NFL Quarterback Colin Kaepernick has now sat/kneeled during the national anthem for at least 5 games since the NFL preseason began back in August. He has been quite clear about the motive behind his protest.
“I am not going to stand up to show pride in a flag for a country that oppresses black people and people of color,” Kaepernick told NFL Media in an exclusive interview after a preseason game in August. “To me, this is bigger than football and it would be selfish on my part to look the other way. There are bodies in the street and people getting paid leave and getting away with murder.”
The quarterback has since spoken about his stance in several pre and post game talks with the media. Still, somehow, his detractors seem to be missing the message and those who don’t necessarily disagree with his stance wonder what kneeling during the anthem is doing to help combat the oppression that he claims is still happening in 2016. Here are a few things that speak to the impact of Kaep’s protest.
Public Support from fellow NFL players and other athletes.
Since Colin first sat, he has been joined each week by several other NFL players who understand and support his protest, including his teammate Eric Reid who says he thought long and hard about the decision to support Kaep.
“It’s something that’s been on my mind all week,” Reid said. “I believe in what he’s doing. I believe that there are issues in this country — many issues, too many to name. It’s not one particular issue. But there are people out there that feel there are injustices being made and happening in our country on a daily basis. I just wanted to show him I support him. I know there are other people in this country that feel the same way.”
The support has extended beyond professional football into high schools and colleges with athletes around the country kneeling during the national anthem. Soccer player Megan Rapinoe has knelt during the performance of the anthem at every one of her games since deciding to support the protest.
“I am disgusted with the way he has been treated and the fans and hatred he has received in all of this,” Rapinoe told espnW’s Julie Foudy. “It is overtly racist: ‘Stay in your place, black man.’ Just didn’t feel right to me. We need a more substantive conversation around race relations and the way people of color are treated.”
“We are not saying we are not one the greatest countries in world,” she added. “Just need to accept that [it is] not perfect, things are broken.
“And quite honestly, being gay, I have stood with my hand over my heart during the national anthem and felt like I haven’t had my liberties protected, so I can absolutely sympathize with that feeling. The very least that I can do is continue the conversation with him by kneeling for the anthem,” she said.

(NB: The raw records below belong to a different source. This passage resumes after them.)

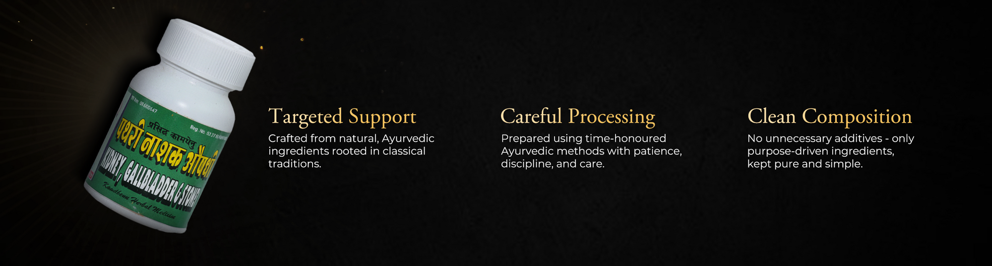 A classical Ayurvedic herbal powder formulated to support kidney health, urinary system balance, and comfort related to stone formation through traditional Ayurvedic principles.
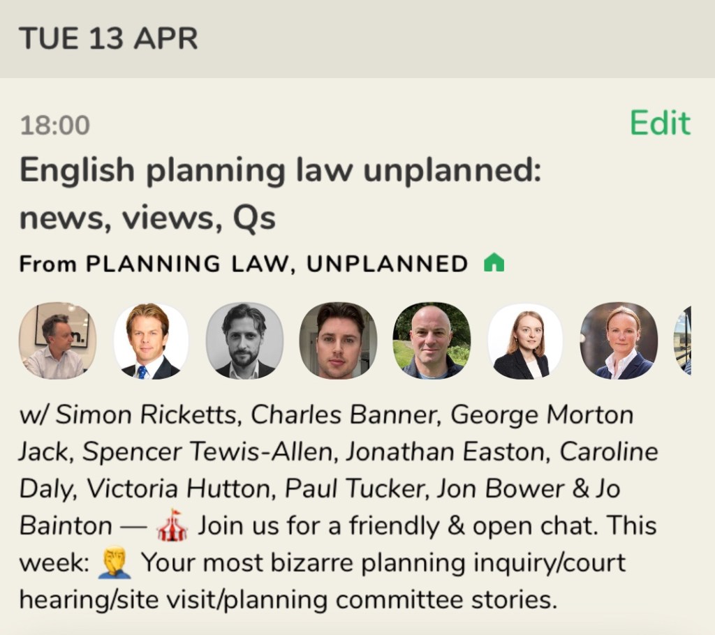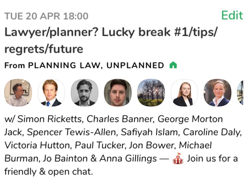 PS This week’s clubhouse Planning Law Unplanned session will be a careers special. 6pm, 20 April. As always, message me for more information.
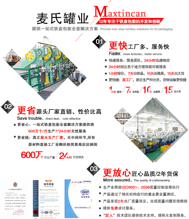 此款鹿角膠馬口鐵盒所采用的材質、油墨、配件等產(chǎn)品均為綠色環(huán)保材料,,產(chǎn)品曾多次通過機構認證檢測,其中包括:FDA、SGS、LFGB等,鐵盒從生產(chǎn)到出庫,全程無塵車間制作,QC全檢,保證每一款鐵盒都標準、安全。真正打造國內鐵盒包裝品牌。
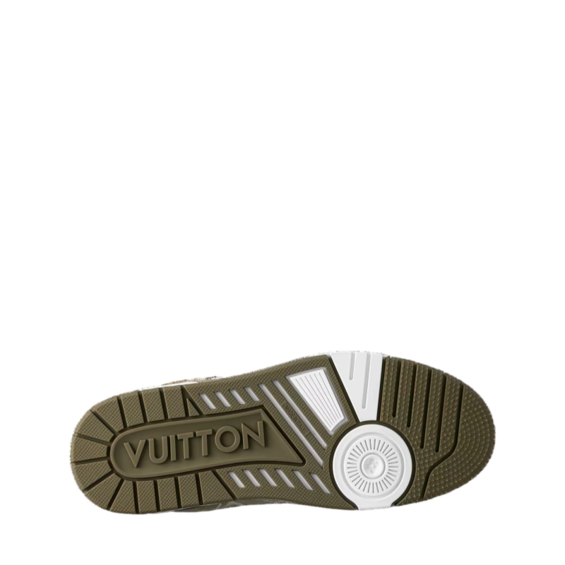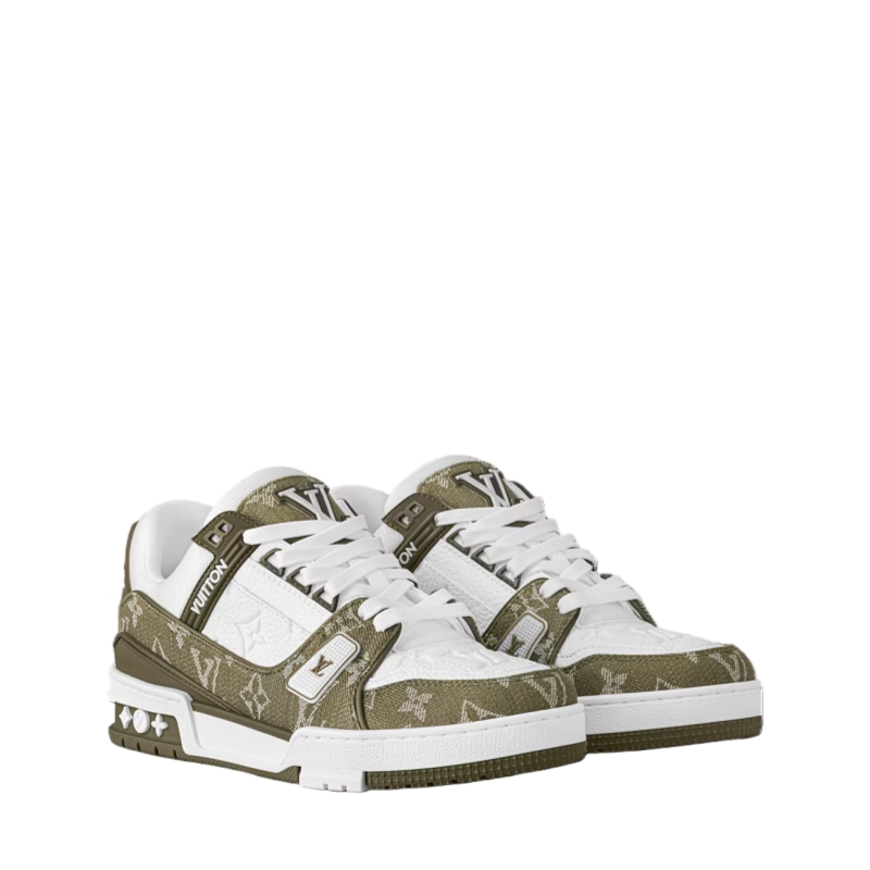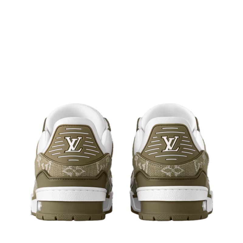 For the first time, the cult LV Trainer sneaker, a staple of the men's collection, is revisited for women in calf leather and Monogram denim. This classic design, created by Virgil Abloh, references vintage basketball sneakers. It features numerous signature details, including the LV Initials on the tongue and side, and Monogram Flowers on the outsole.
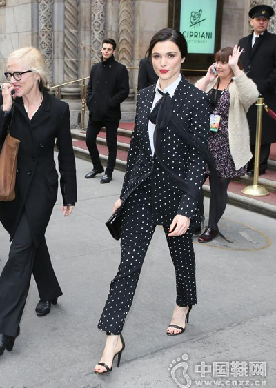 著名女星Rachel Weisz身着Givenchy早秋波点套装依然搭配黑色一字带凉鞋,这双鞋子真是可以很性感妩媚,也可以帅气干练。

Donation from San Francisco 49ers
Colin Kaepernick pledged to donate $1 million of his salary at a rate of $100,000 per month for 10 months to community charities, even going so far as to create a website so that the public can track how his donations are spent. He is also donating all the proceeds of his now top selling jersey. Way to set an example right? Right. The San Francisco 49ers team where he is the second string quarterback has followed suit and are donating $1 million to two Bay Area charities for the purpose of improving racial and economic inequality.
For every death threat he receives, Kaepernick has also received praise and support from those who have admitted to their ignorance as it relates to the issue of police brutality in the black community. If you comb through social media, you’ll find people being honest about the fact that they were unaware of the magnitude of the problem and credit Kaep’s outspokenness for their new found appreciation for the plight of black people in this country.
Since Kaep began his silent protest, discussions about racial equality have been initiated on platforms that normally dodge issues such as these. ESPN, NFL Network and a dozens other stations have featured athletes and commentators engaging in much needed dialogue.
For those of us who know first hand about the inequality experienced by black people in America, there is pride in watching Kaepernick conduct his protest with class and take the negativity in stride without letting it deter him from his mission.
Approximately 15 black people have been killed at the hands of law enforcement since the first time Kaep sat, including 40 year old unarmed Terence Crutcher who was shot while his hands were in air. The issues remain prevalent but the conversations are still going, and building. The country is now talking about racial inequality in way it never has before. All because of Kaepernick taking a knee.